Título: Famílias do Piauí aguardam a construção de banheiros
Autor: Lins, Letícia; Remígio, Marcelo
Fonte: O Globo, 23/01/2011, O País, p. 3

Verba chegou, mas o total previsto de unidades não saiu do papel; sanitários instalados não funcionam

LUÍS CORREIA e GUARIBA (PI). Enquanto aguarda a construção do prometido banheiro pela Prefeitura de Luís Correia, a 262 quilômetros de Teresina, a família do vigilante Aureliano de Menezes Alves, formada por 14 pessoas, sendo seis adultos e oito crianças, faz do terreno desabitado nos fundos de casa o sanitário. Não há vaso sanitário ou descarga e as fezes são enterradas. A cada momento, a mulher de Aureliano, Maria Alves Jesus de Menezes, de 50 anos, grita com as oito crianças para que não pisem no quintal para evitar "as frieiras". O local chegou a ter um banheiro com paredes de palha e uma latrina, mas uma forte chuva derrubou a construção.

- Agora nós fazemos nossas necessidades e jogamos no fundo do quintal, onde não está morando ninguém. Estamos como animais e tudo virou brejo - conta Maria Menezes.
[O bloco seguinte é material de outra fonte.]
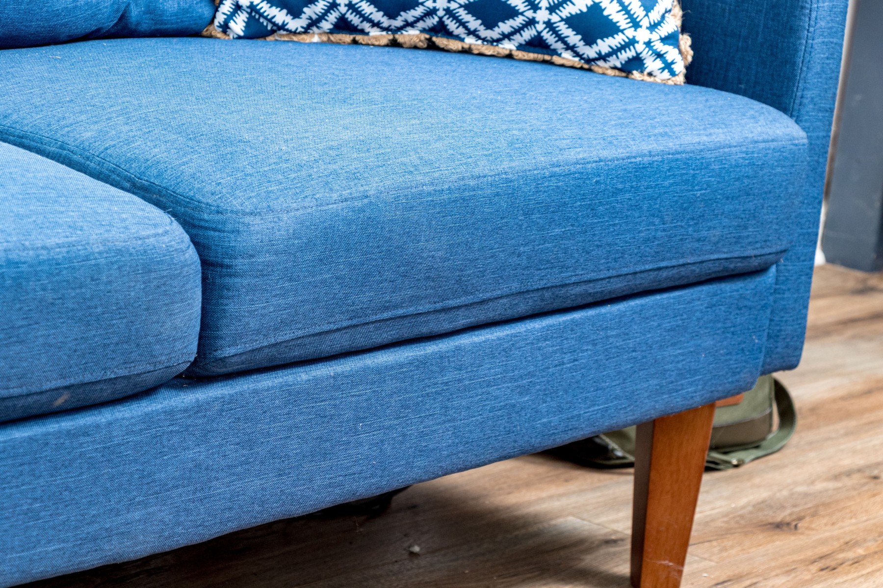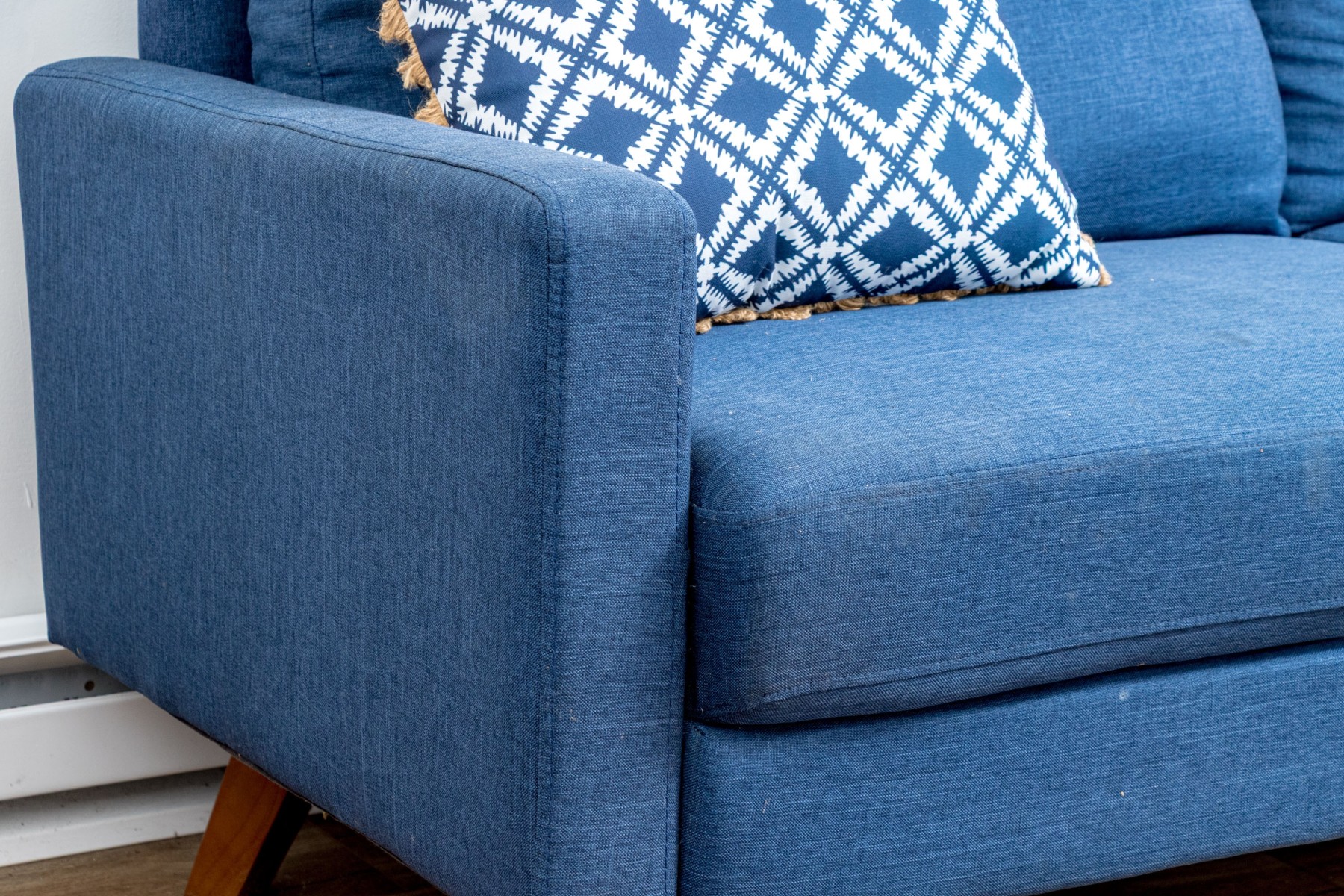 On four square tapered legs with blue upholstery including two affixed seat cushions and two loose upholstered back cushions, along with pair of accent pillows.

A situação da família de Aureliano Menezes era para ser diferente. Há seis anos, a prefeitura informou que as casas do local ganhariam banheiros construídos com recursos da Fundação Nacional de Saúde (Funasa).
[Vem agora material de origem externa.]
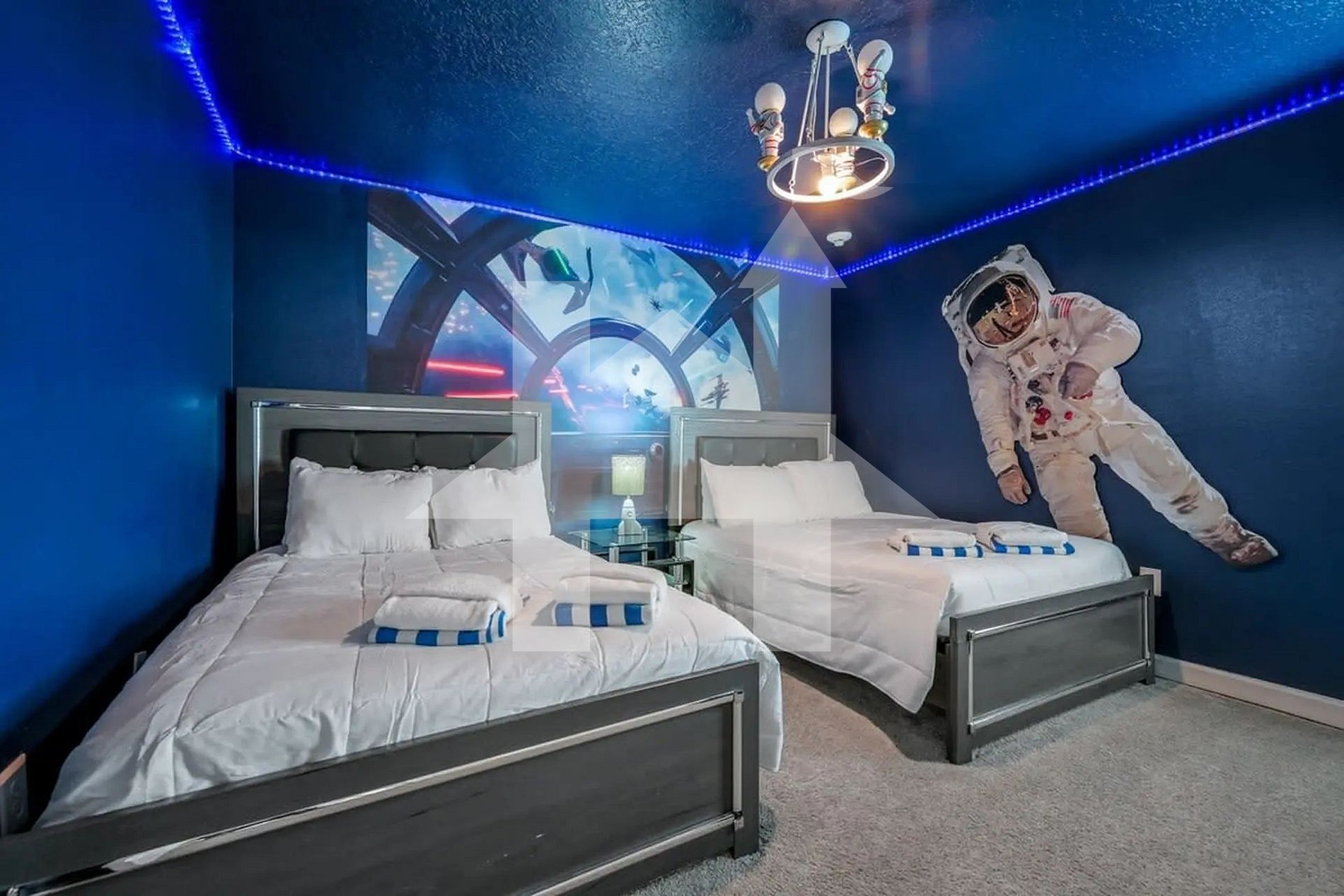 The immersive game room is designed for entertainment, offering fun for both kids and adults. Themed bedrooms add a special touch to your stay, making every night feel like part of the adventure.

O representante da Funasa em Luís Correia, João Batista Araújo Lima, técnico em saneamento, afirma que a fundação assinou dois convênios com a prefeitura na gestão do ex-prefeito Luís Pedrosa, no valor de R$350 mil para a construção de 300 banheiros. Mas o município instalou cerca de cem. Segundo ele, a maioria não está funcionando porque não tem fossa.
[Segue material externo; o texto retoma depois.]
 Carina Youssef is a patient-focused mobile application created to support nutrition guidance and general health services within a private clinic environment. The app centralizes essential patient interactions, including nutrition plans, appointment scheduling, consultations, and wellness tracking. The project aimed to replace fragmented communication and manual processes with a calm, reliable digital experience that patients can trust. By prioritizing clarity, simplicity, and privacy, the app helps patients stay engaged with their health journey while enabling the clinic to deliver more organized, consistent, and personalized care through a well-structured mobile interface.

João Batista afirmou que a prefeitura não construiu banheiros no bairro Cearazinho, como estava previsto. Na Praia do Coqueiro, onde moram 2 mil pessoas, estava prevista a instalação de 40 banheiros, mas só foram construídos três. O povoado Camurupim ganhou 82 banheiros, mas nenhum funciona porque a localidade não tem água para abastecer as descargas.

- Os moradores da localidade não têm água nem para beber -, afirmou João Batista.

O secretário de Governo de Luís Correia, Paulo Rubens, afirmou que mau uso das verbas da Funasa ocorreu na administração anterior. Segundo ele, agentes da Polícia Federal e auditores da Funasa visitaram os bairros da cidade, fotografaram as famílias sem banheiro e entrevistaram os moradores da periferia da cidade. Os agentes da PF usaram até GPS para localizar as casas que deveriam ter recebido os banheiros.

Também moradora em Luís Correia, a dona de casa Rita de Cássia de Sousa diz que sua casa não foi contemplada com um banheiro. Ela afirma que não tem dinheiro para construir o banheiro e improvisa com um pedaço de telha de amianto, onde foi colocado um tambor para banho. Mas não há espaço para uma latrina.

- A alternativa encontrada foi a do avião: a gente coloca as fezes num saco plástico e joga em um terreno da igreja católica ao lado da minha casa. Não tem mais onde jogar as fezes a não ser no terreno da igreja, porque estamos cercados por casas de vizinhos. Eu tenho medo de ser castigada por estar jogando fezes no terreno da igreja, mas tenho mais medo é de doenças por causa da falta de higiene.

No município de Guaribas, também no Piauí, a prefeitura não comprovou ao Tribunal de Contas da União a aplicação dos recursos em melhorias sanitárias em domicílios (banheiros). Já em São Raimundo Nonato, no sudoeste piauiense, o TCU constatou que a verba da Funasa financiou rede de abastecimento de água em desacordo com o projeto aprovado. O abastecimento é feito uma vez por semana.